Thirdly, in my case, I like the dreams and visions of the future better than the history of the past. We cannot change the past but can learn from it. These are some of the reasons DUNE is, for me, the best Science Fiction book ever written. What impressed me from the beginning is that it is not centered on technology but on people and their relationships with one another, nature, life and the earth itself.

This is why I have always encouraged my children to read it. Zubin, my youngest, had initially resisted because, unlike me, he sees no value in fiction. However, he is now a convert to Dune and as we sat watching it on TV a few nights ago, I repeated to myself the “Litany Against Fear” from the book.

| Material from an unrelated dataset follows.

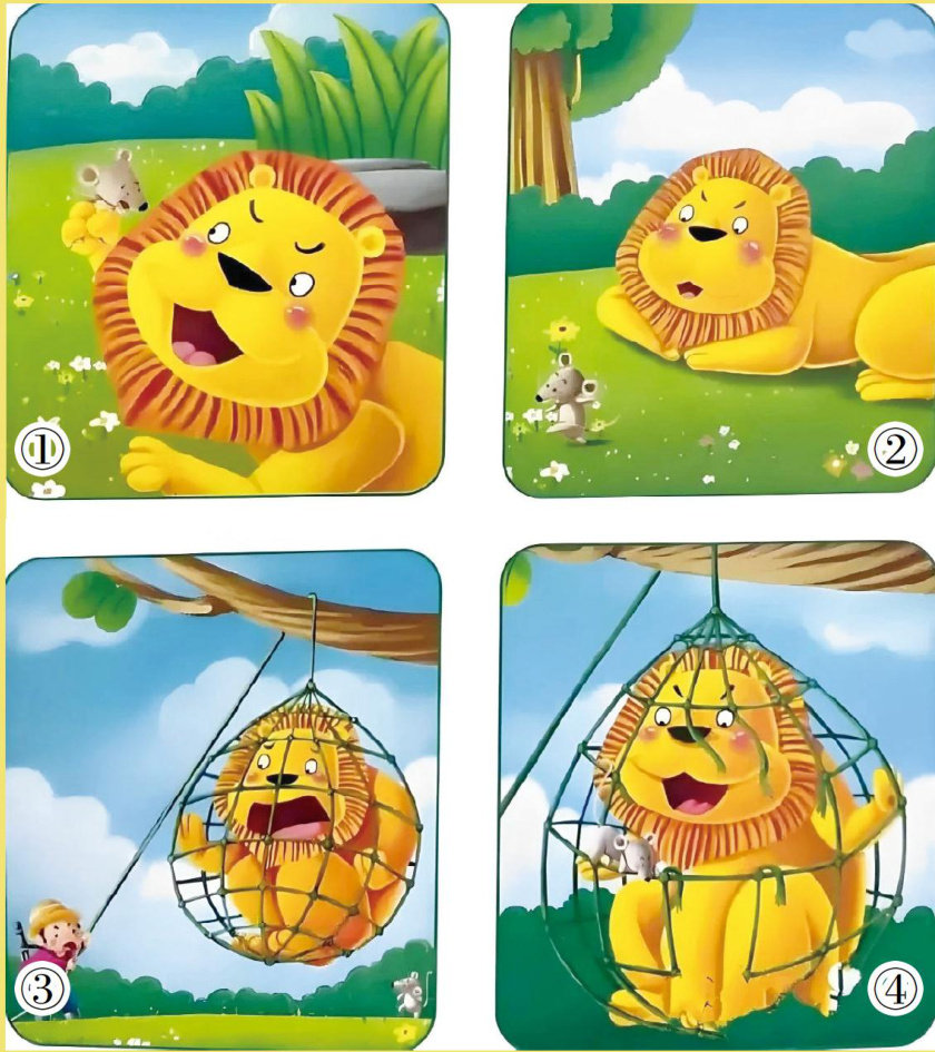 起因:小老鼠遇到了大狮子,它觉得以后大狮子也许有需要它的时候,大狮子却不这样认为。
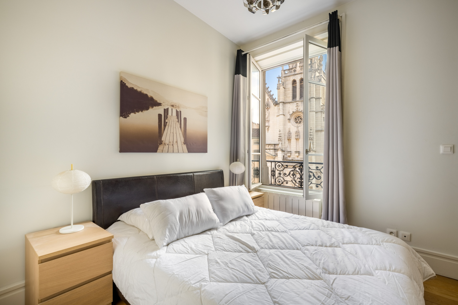 Place Saint-Nizier, au sein d’un très bel immeuble ancien, en étage élevé avec ascenseur, superbe emplacement pour ce T3 de 65.1m² entièrement rénové et meublé comprenant une entrée avec placard, un séjour salle à manger avec un balcon donnant sur l’Eglise Saint-Nizier, une cuisine ouverte équipée, une arrière cuisine/buanderie, 2 chambres avec rangements, une salle de bains, un wc. Très lumineux, cet appartement est en parfait état. L’immeuble dispose également d’un local vélos fermé.

I have found it a useful way of dealing with the uncertainties that the future dumps on us and the fear that we cannot help but feel as COVID keeps coming up with new variants, “I must not fear. Fear is the mind-killer. Fear is the little death that brings total obliteration. I will face my fear. I will permit it to pass over me and through me. And when it has gone past, I will turn the inner eye to see its path. Where the fear has gone there will be nothing. Only I will remain.”

*Tony Deyal was last seen repeating, “I have only one resolution. To rediscover the difference between wants and needs. May I have all I need and want all I have. Happy New Year to all of you!”